The Business of Being Born is a film that is much talked about. This documentary is, essentially, an anti-hospital birth film. It portrays medicalized birth as a conveyor belt on which only the convenience and interests of OB/GYNs matter, and in which the health of women and babies is secondary. You can see a brief history of hospital births in the US, along with statistics of how many women gave birth at home through the years the majority at the beginning of the last century, but now the figure has remained at one percent for decades. Footage of so-called "twilight sleep" births, which were popular in the 1950s and '60s, is impressive. And then there are the medical residents who, in a know-it-all fashion, say that hardly anyone gives birth naturally any more, everybody needs augmentation or induction of labor, and of course an epidural. There are no mention of side effects, or the possibility that those interventions were not really needed.

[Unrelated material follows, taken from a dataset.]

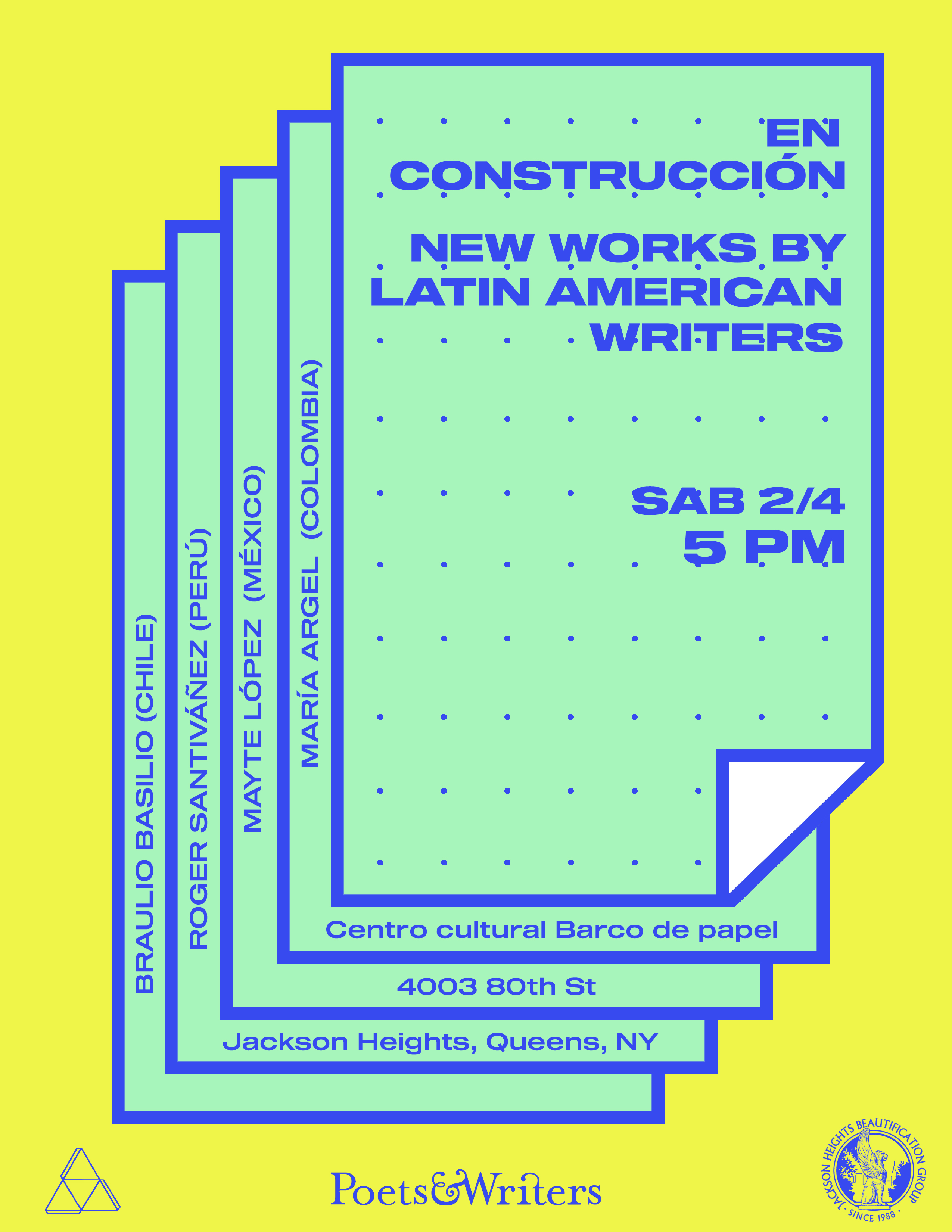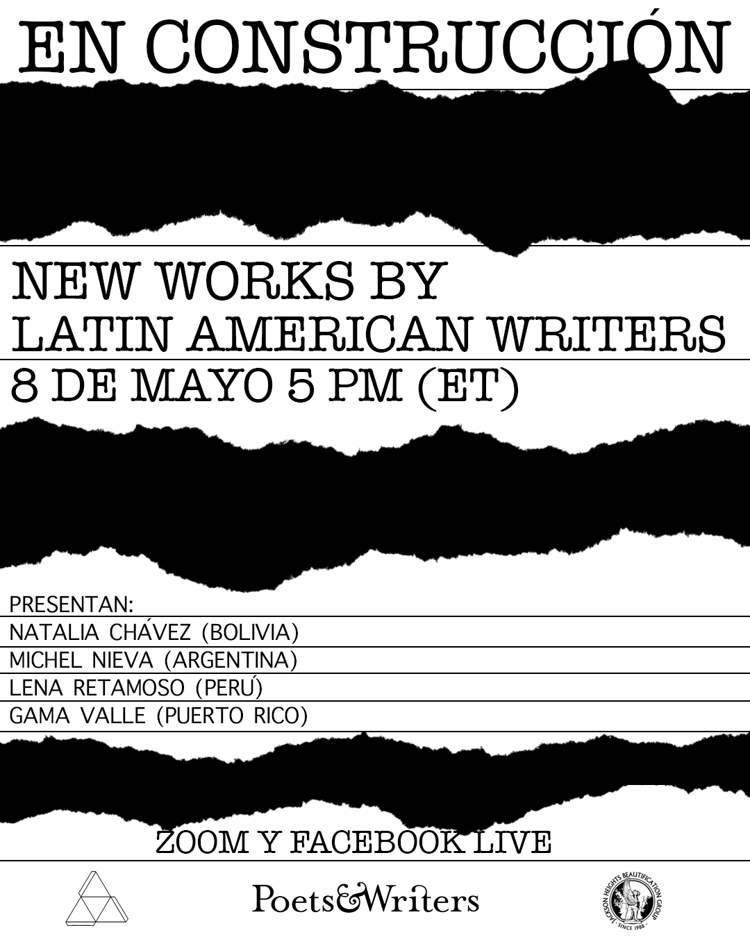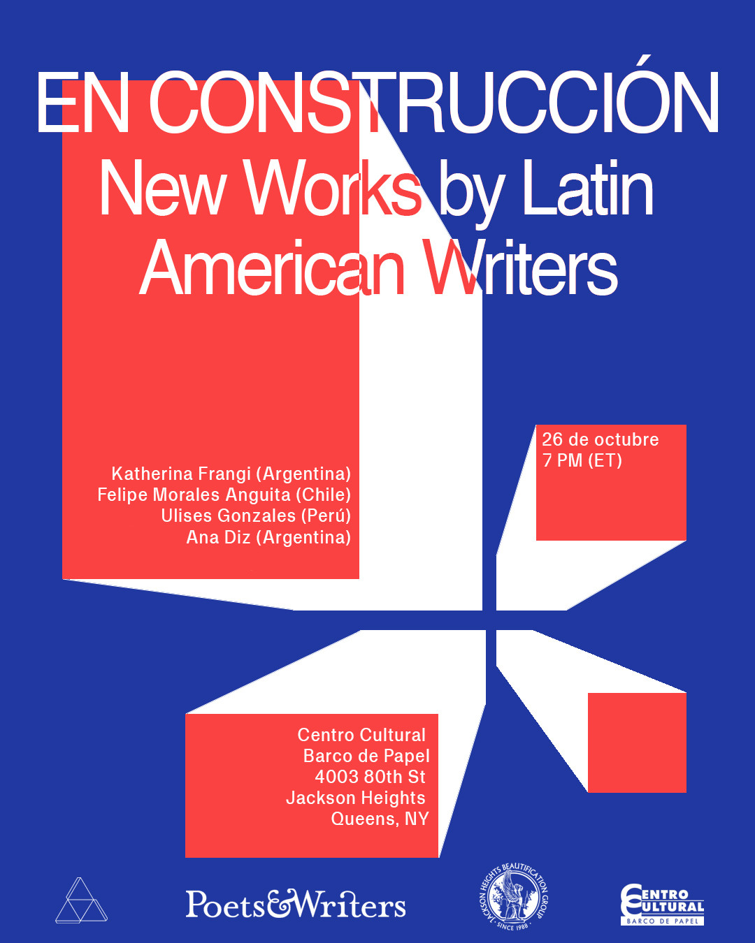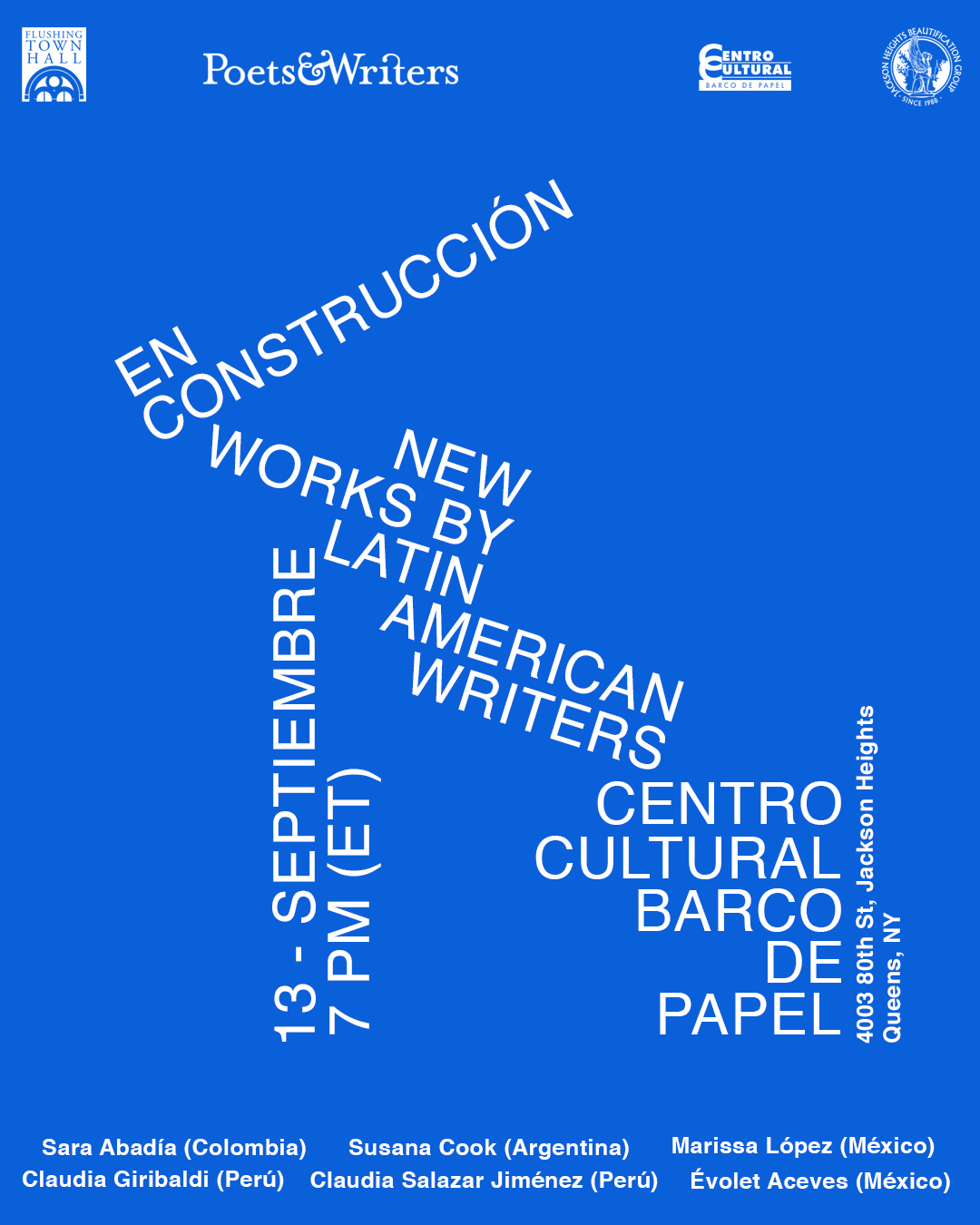 EN CONSTRUCCIÓN is a series of literary readings that offers a creative and collaborative space for New York-based Latinx and Latin American writers. EN CONSTRUCCIÓN provides the opportunity for writers to showcase their work and to establish a professional network in their native languages, primarily Spanish and Portuguese.

Ricki Lake is right that there are all kinds of things wrong with L&D wards! The patient should come first, right? Along with her criticisms of the maternity care system, Ricki Lake also shows alternatives giving birth at home with a midwife, or at a birth center. Then there are interviews with focal pro-homebirth advocates that tell you just how giving birth turned into a business. It is an interesting documentary, that is well-worth watching. But really, Ricki? Midwives should attend the births of low-risk women because 80 percent of pregnancies is cared for by midwives in Europe? Here, we don't think that is true. And we also know that midwives often have far more extensive training in European countries.